The actual mechanics of the lower-bound exploit the beautiful connection between traitor tracing and differential privacy. As shown by Dwork, Naor, Reingold, Rothblum, and Vadhan, a traitor tracing system implies a lower-bound for a certain differential privacy task known as data release. In data release, one has a database $D$ of records, and desires to output a data structure $S$ that allows for approximately answering a large number of queries about the database, without revealing any individual record in $D$. Queries take the form of "what fraction of the records satisfy predicate $P$" for some predicate $P$. Solutions are known, but they are computationally intractable, and an interesting question was whether or not an efficient mechanism was possible.

A traitor tracing system shows that efficient data release is, in fact, impossible: the records in $D$ will be all but one secret key ${\sf sk}_i$ for the traitor tracing system. Each query will correspond to a ciphertext, and asks what fraction of the database can decrypt. A data structure $S$ allowing to answer such queries naturally gives a pirate decoder built from the keys ${\sf sk}_i$. Running the tracing algorithm on the derived decoder would identify one of the records in the database, violating differential privacy. Efficiency comes into play since the tracing algorithm is only gauranteed to work against efficient adversaries.

A goal for differential privacy is to understand how small the records in the database can be and how small the set of queries can be, while still having such an impossibility. Using this connection to traitor tracing, this translates to constructing traitor tracing systems with small secret keys and ciphertexts, exactly what people have been trying to achieve in the traitor tracing setting!

Tang and Zhang turn this connection on its head: in order to get a lower-bound on traitor tracing, they construct a certain kind of differentially-private data release mechanism. This data release mechanism is inefficient in the "real world", but efficient in the imaginary world: it uses unbounded computation but only makes polynomially-many queries to $O$. They show, in this world, that a differentially-private data release mechanism is actually possible, provided the database records and/or ciphertext length are too small. To show this, they rely on interesting approaches from the differential privacy literature. Their data release mechanism implies that traitor tracing with these parameters is impossible in this imaginary world, thus ruling out efficient black-box traitor tracing constructions from OWFs.

Open Questions

Given that there are so few works on lower-bounds, and many settings where the current positive results are not optimal, there are tons of open questions in this space. I'll just mention a few that immediately come to mind.

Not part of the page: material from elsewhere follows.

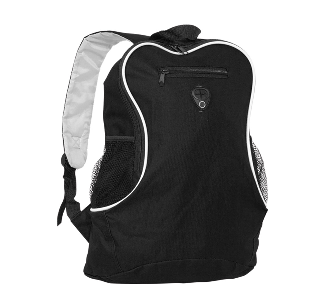 and side mesh pockets, adjustable padded shoulder straps, reinforced reinforced top carry handle.
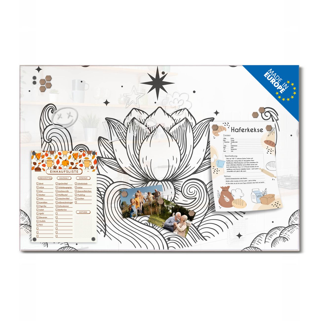 Ein Stück Design, das Ihren Alltag organisiert. Schreiben, heften, inspirieren - alles an einem Ort. Qualität, die man spürt. Montage leicht gemacht. Handwerk mit Herz - veredelt in Sachsen. Einzigartiges Design mit Motiv Motiv Lotus und Mondphasen 2 Beschreibbare Glasoberfläche, leicht zu reinigen Starke Magnetkraft durch Stahlrückwand Inklusive 4 Neodym-Magneten Flexible Montageoptionen Handveredelt in Sachsen - Qualität, die bleibt

Lower-bounds for schemes built from one-way functions?

For now, we will stick to the case where the oracle $O$ is a random oracle, which captures schemes built from one-way functions, or anything that can be constructed in a black-box way from one-way functions, such as pseudorandom functions, secret key encryption, or even digital signatures.

Question 1: Can the lower-bound when $O$ is a random oracle be improved to match known combinatorial schemes (Equation $\ref{eq:1}$)?

The natural approach, and obvious first thing to try, would be to try to improve on Tang and Zhang's data release mechanism. However, it is conceivable (at least to me) that heir mechanism actually cannot be improved, while at the same time having the derived traitor tracing lower-bound being loose. The reason is that, while traitor tracing implies differential privacy lower bounds (and by contrapositive, differential privacy upper bounds imply traitor tracing impossibilities), the converse is not necessarily true. Perhaps lower-bounding traitor tracing through differential privacy simply cannot get tight bounds. Put other way, maybe Tang and Zhang's mechanism is actually as good as it can be, but also there is no traitor tracing scheme better than Equation $\ref{eq:1}$. In this event, a brand new approach that avoids differential privacy would be needed.

The other possibility is that, actually Tang and Zhang's approach is optimal, not just for differential privacy upper bounds, but also for traitor tracing, meaning there actually is a black-box traitor tracing scheme built from one-way functions satisfying Equation $\ref{eq:2}$. Such a construction, however, would have to look very different from current combinatorial tracing schemes. This is because these schemes are based on fingerprinting codes, and the fingerprinting codes of Tardos are optimal. Thus, any improvement would need to move away from fingerprinting codes.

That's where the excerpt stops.